Problem Detail: I was pondering about what are the numbers. It seems like a number is data type. I mean, like Maybe in Haskell. Because, for instance, one on its own means nothing for me. However, one apple tells me about how many apples does one talking about. Thus, numbers are quite abstract. If somebody asks you “how is it going” you can’t answer “10”. 10 what? But you could say 10 out of 10. But this is another abstraction. So, what I want to say is that a number is an abstraction. It can only be used to quantify other things. Thus, very often people say that “Number” is a type or set or category, etc. But then if a concrete number is an abstraction what is Number? I hope you’ve got my idea and question and sorry if I used some terms incorrectly. I’m trying to study CS on my own and do make lots of mistakes.

Asked By : Ivan Demchenko

Answered By : jmite

So, you have to be very careful to distinguish values, and the types of those values. We say $v : T$ when $v$ is a value with type $T$.

The type Number

When people say “Number” is a type, usually they’re referring to the type of natural numbers. But each number isn’t a type, it’s a value, and $Number$ is their type. So we can say $1 : Number$, $2 : Number$, etc. Notation isn’t always consistent. Sometimes people will refer to $Number$ as a type class that contains $Nat, Int, Float$ etc. But that’s more complicated. Now, as for each number being a type, in a language like Haskell (or any Hindley-Milner lanugage), this isn’t the case, because numbers are values, and types and values are separate. But there are a few ways we can look at this

Numbers as singletons

But using dependent-types or GADTs, in a Haskell, Agda, Idris, or other languages with advanced types, you can form a type like this (using Agda-like pseudocode):

data TypeNat : Nat -> Set where    TZero : TypeNat Zero   TSucc : {n : Nat} -> TypeNat n -> TypeNat (Succ n)

For any number n, TypeNat n is a type, containing exactly one value, the TypeNat representation of n.
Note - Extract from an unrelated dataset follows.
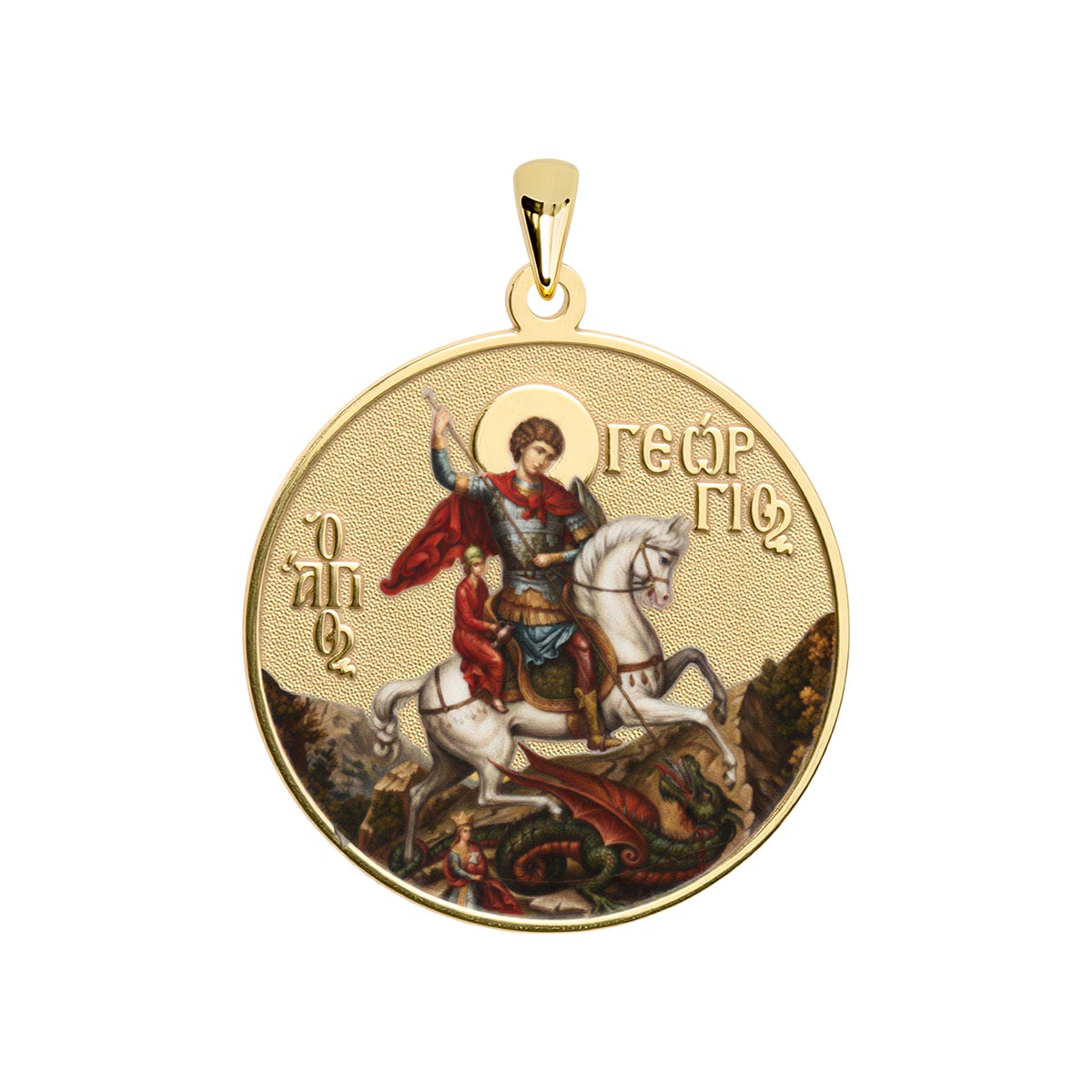 Saint George (Georgios) and the Dragon Orthodox Icon Sculpted Enamel Round Medal

So here, the number isn’t the type, but there’s a 1:1 correspondence between the numbers and the types.

Numbers to Quantify other things

We can use numbers to quantify things, but in a dependent-type system, usually this is done by indexing types. So you can have a type like Vec a n, which is the type of Vectors containing exactly n elements of type a. So here, our types are indexed by numbers, but the number itself is not a type.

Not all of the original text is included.